Raw data:
+++

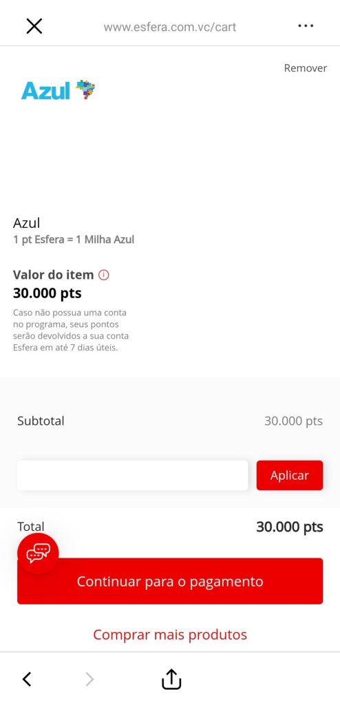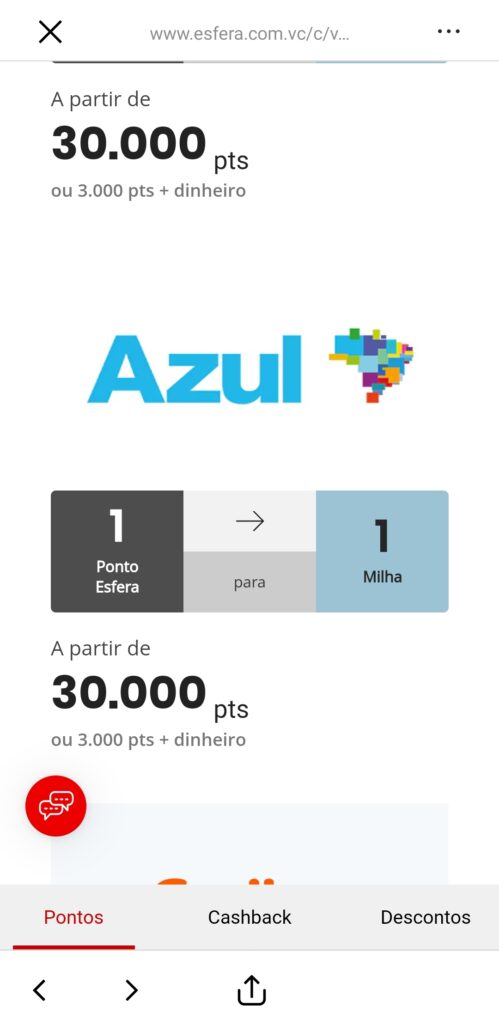 Quanto vale 1.000 pontos Esfera em milhas Azul?
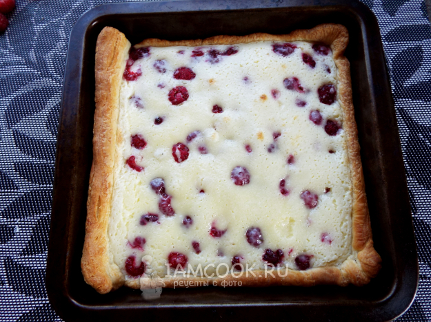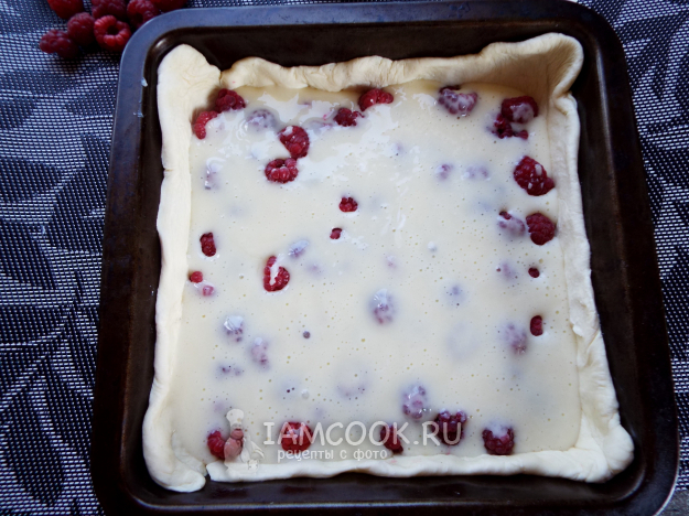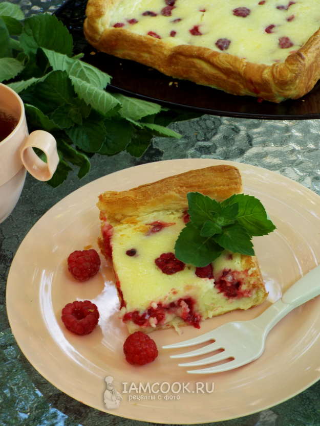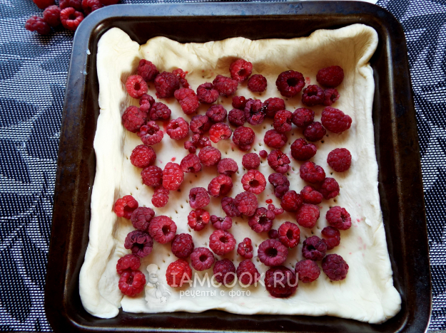 Пирог с малиной из слоеного дрожжевого теста готов.
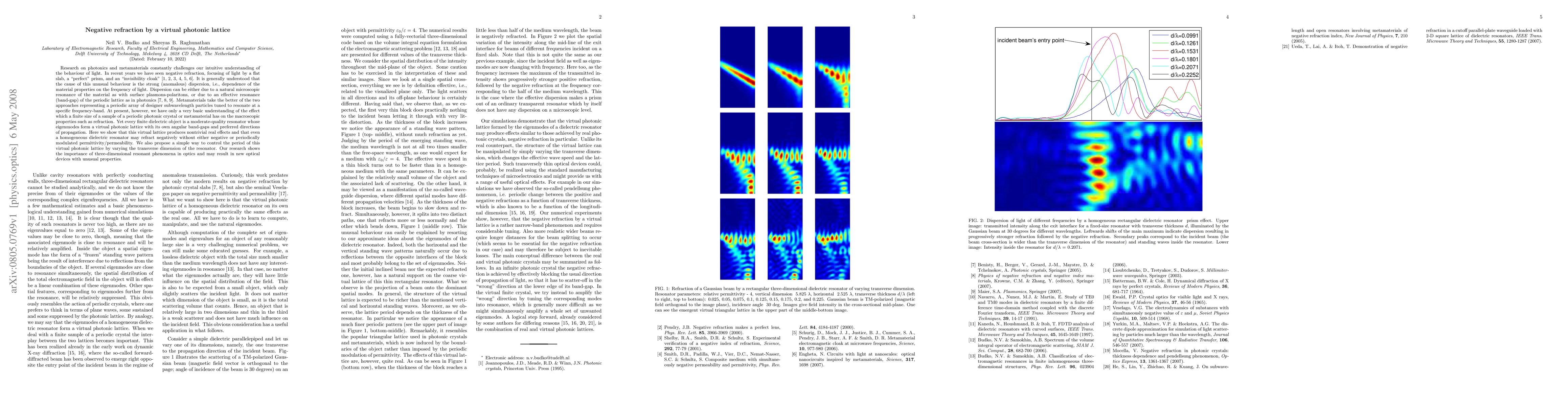 Research on photonics and metamaterials constantly challenges our intuitive understanding of the behaviour of light. In recent years we have seen negative refraction, focusing of light by a flat slab, a ``perfect'' prism, and an ``invisibility cloak'' [1-6]. It is generally understood that the cause of this unusual behaviour is the strong (anomalous) dispersion, i.e., dependence of the material properties on the frequency of light. Dispersion can be either due to a natural microscopic resonance of the material as with surface plasmons-polaritons, or due to an effective resonance (band-gap) of the periodic lattice as in photonics [7-9]. Metamaterials take the better of the two approaches representing a periodic array of designer subwavelength particles tuned to resonate at a specific frequency-band. At present, however, we have only a very basic understanding of the effect which a finite size of a sample of a periodic photonic crystal or metamaterial has on the macroscopic properties such as refraction. Yet every finite dielectric object is a moderate-quality resonator whose eigenmodes form a virtual photonic lattice with its own angular band-gaps and preferred directions of propagation. Here we show that this virtual lattice produces nontrivial real effects and that even a homogeneous dielectric resonator may refract negatively without either negative or periodically modulated permittivity/permeability. We also propose a simple way to control the period of this virtual photonic lattice by varying the transverse dimension of the resonator. Our research shows the importance of three-dimensional resonant phenomena in optics and may result in new optical devices with unusual properties.

+++

The task: Please give back exactly, and with no pictures, the lines from where the listing above begins through the line containing "Пирог с малиной".

Response to the task:
 Quanto vale 1.000 pontos Esfera em milhas Azul?
 Пирог с малиной из слоеного дрожжевого теста готов.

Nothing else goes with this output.